> _Provided material_
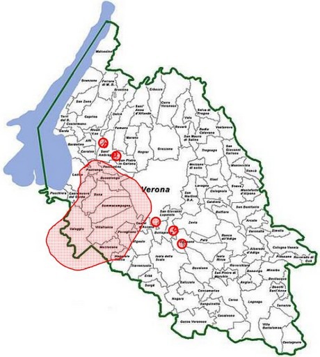 La provincia di Verona. L'area rossa grande rappresenta l'area storica colpita dalla moria del kiwi. I cerchi rossi più piccoli sono nuovi focolai registrati (Fonte Lorenzo Tosi - Agrea)
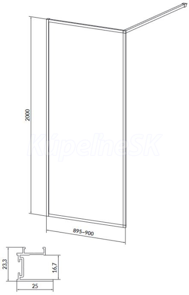 Cersanit LARGA Walk-In sprchový kút k stene 90x200, Čierna, Číre sklo+vzpera S932-138
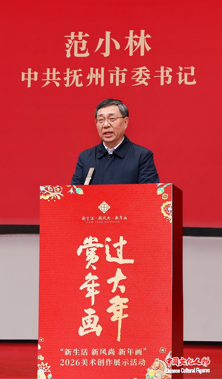 2026年2月11日,由中央宣传部文明实践局、文化和旅游部公共服务司、中国美术家协会、中国民间文艺家协会共同主办,文化和旅游部全国公共文化发展中心、中国文联美术艺术中心、中国文联民间文艺艺术中心承办,北京市文学艺术界联合会、江西省文学艺术界联合会协办的2026年“新生活·新风尚·新年画”美术创作展示活动在国家历史文化名城——江西省抚州市开幕
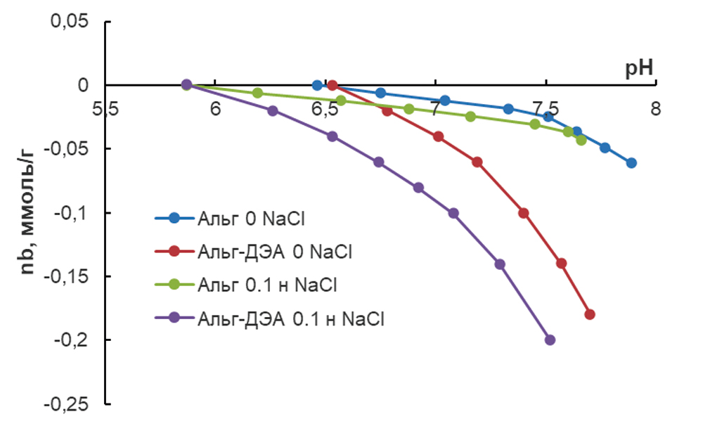 На рис. 5 представлена величина адсорбции протонов nb в зависимости от рН и концентрации фонового электролита для водных растворов альгината натрия и его производного Альг-ДЭА. Смещение кривых титрования альгината натрия и его амид/аминосодержащего производного Альг-ДЭА в более кислую область при увеличении концентрации фонового электролита можно объяснить участием катионов фонового электролита в нейтрализации депротонированных карбоксильных групп и переходом протонов из пограничного слоя молекулы полиэлектролита в объем раствора [35]. Этот эффект приводит к смещению рКа равновесия –COOH ↔ –COO– + H+ c 4.1 ± 0.15 (без фонового электролита) до 3.50 ± 0.15 (при концентрации фонового электролита 0.1 н).
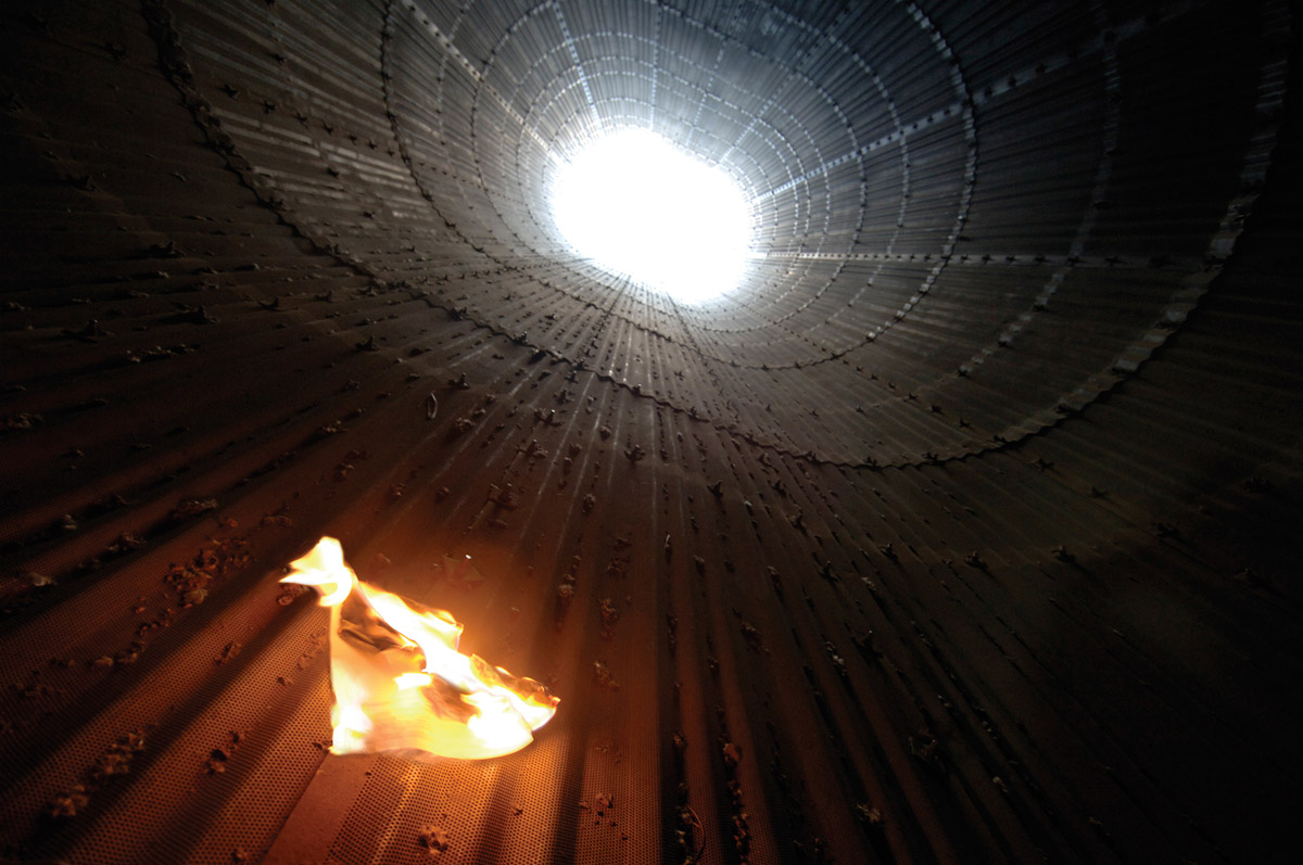 The deepest room of jet engine test building is carpeted with tiny bones. For years, raptors have killed small animals and dropped their remains down the four-story concrete chimney. In the near darkness, I selected one tiny, perfect skull. I placed it on the high concrete wall along the north wide of the test building and waited for sunset.
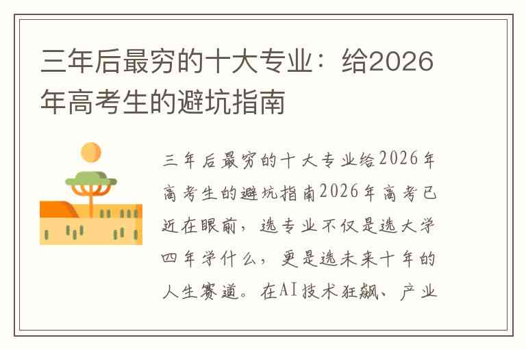 三年后最穷的十大专业给2026年高考生的避坑指南
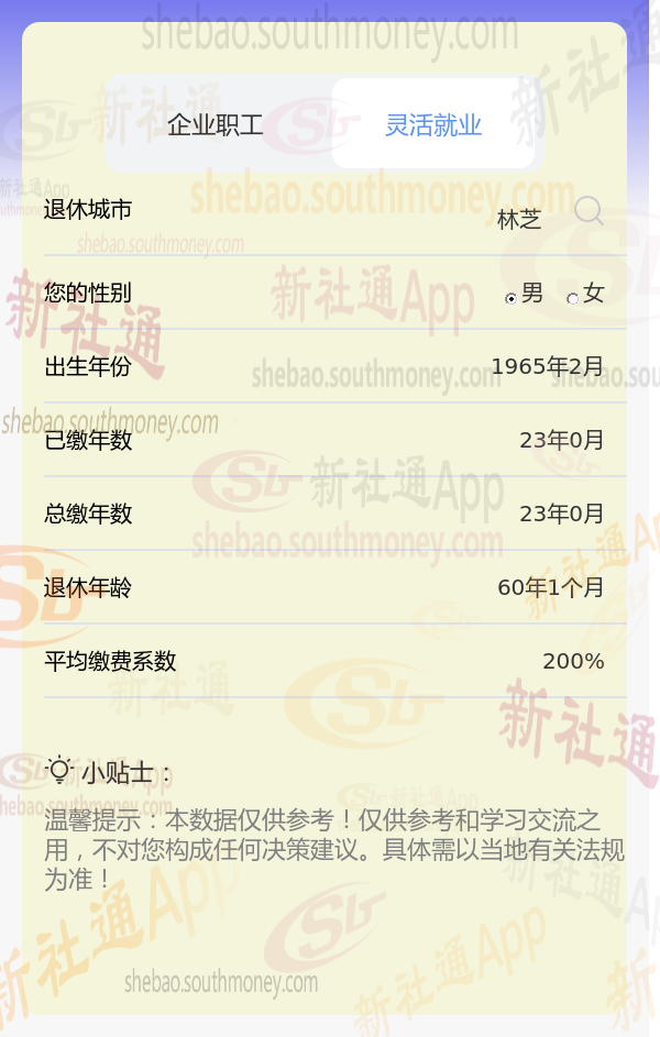 朱某一位1965年出生的男性,目前定居在风景秀丽的林芝并享受着退休生活。他的社会保险缴纳年限是23年,且一直以较高的200%档次进行缴费,展现了他对未来生活的充分规划与准备。
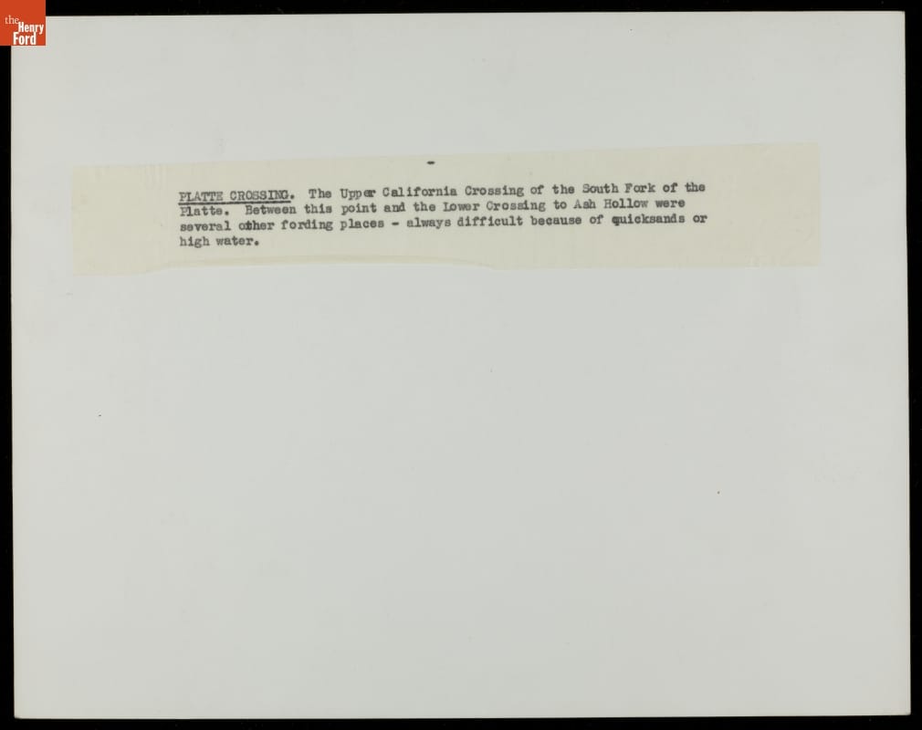 In 1913, Henry Ford established Ford Motor Company's photographic department. Though few internal records describe company photography, remaining photographs reveal a wide range of departmental activity. Over nearly 100 years, Ford photographers documented company ventures, personal affairs, and daily life around the world. This photograph shows an illustration of an Overland Trail wagon train fording the Platte River.
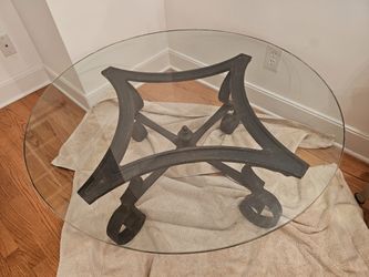 Vintage wrought‑iron coffee table with round glass top — James Hill & Co. label$500Portland, OR
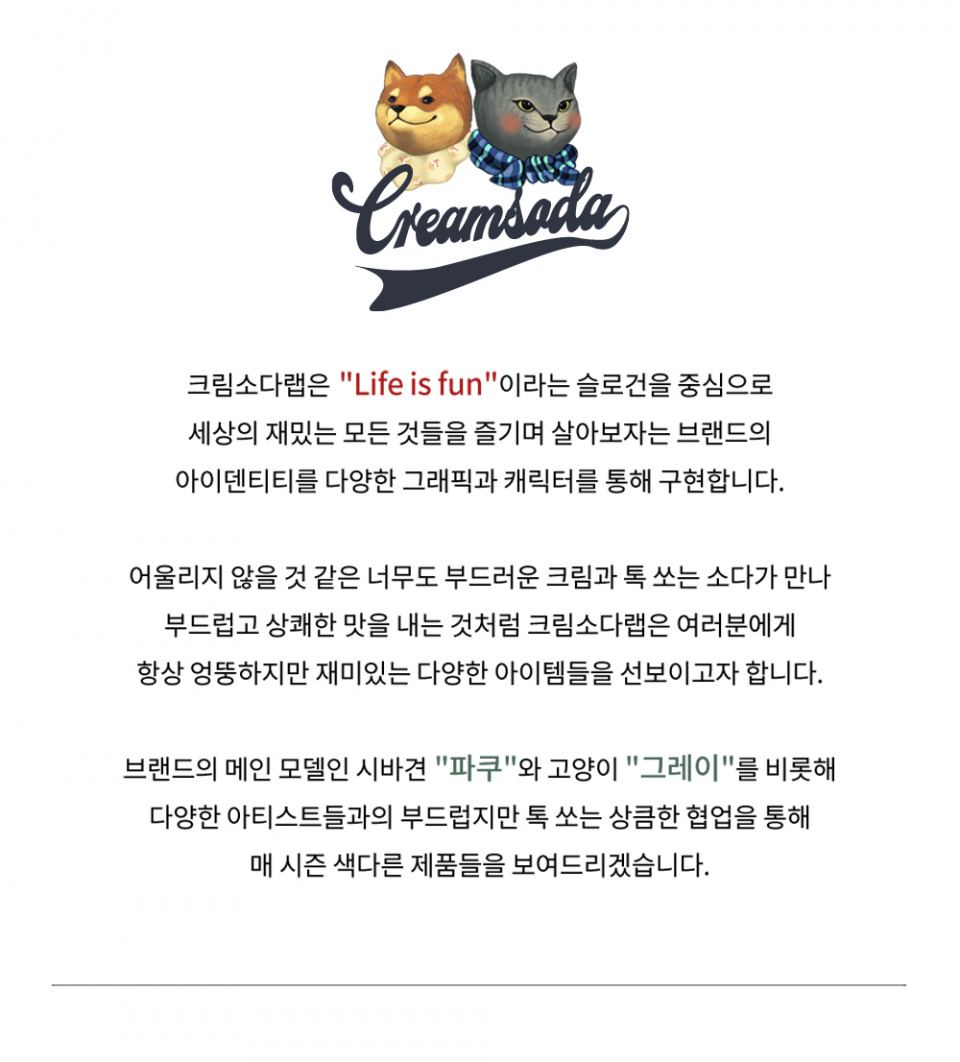 크림소다랩(CREAM SODA LAB)은 부드럽고 톡톡 튀는 팝처럼 다양한 방식으로 표현한 아트워크의 가치를 의류에 표현하는 그래픽 디자인 랩입니다.

> _What to produce_
Your response must consist of the lines from the beginning of the data through the line containing "На рис. 5 представлена", transcribed exactly, with no pictures.

> _Answer for this exercise_
 La provincia di Verona. L'area rossa grande rappresenta l'area storica colpita dalla moria del kiwi. I cerchi rossi più piccoli sono nuovi focolai registrati (Fonte Lorenzo Tosi - Agrea)
 Cersanit LARGA Walk-In sprchový kút k stene 90x200, Čierna, Číre sklo+vzpera S932-138
 2026年2月11日,由中央宣传部文明实践局、文化和旅游部公共服务司、中国美术家协会、中国民间文艺家协会共同主办,文化和旅游部全国公共文化发展中心、中国文联美术艺术中心、中国文联民间文艺艺术中心承办,北京市文学艺术界联合会、江西省文学艺术界联合会协办的2026年“新生活·新风尚·新年画”美术创作展示活动在国家历史文化名城——江西省抚州市开幕
 На рис. 5 представлена величина адсорбции протонов nb в зависимости от рН и концентрации фонового электролита для водных растворов альгината натрия и его производного Альг-ДЭА. Смещение кривых титрования альгината натрия и его амид/аминосодержащего производного Альг-ДЭА в более кислую область при увеличении концентрации фонового электролита можно объяснить участием катионов фонового электролита в нейтрализации депротонированных карбоксильных групп и переходом протонов из пограничного слоя молекулы полиэлектролита в объем раствора [35]. Этот эффект приводит к смещению рКа равновесия –COOH ↔ –COO– + H+ c 4.1 ± 0.15 (без фонового электролита) до 3.50 ± 0.15 (при концентрации фонового электролита 0.1 н).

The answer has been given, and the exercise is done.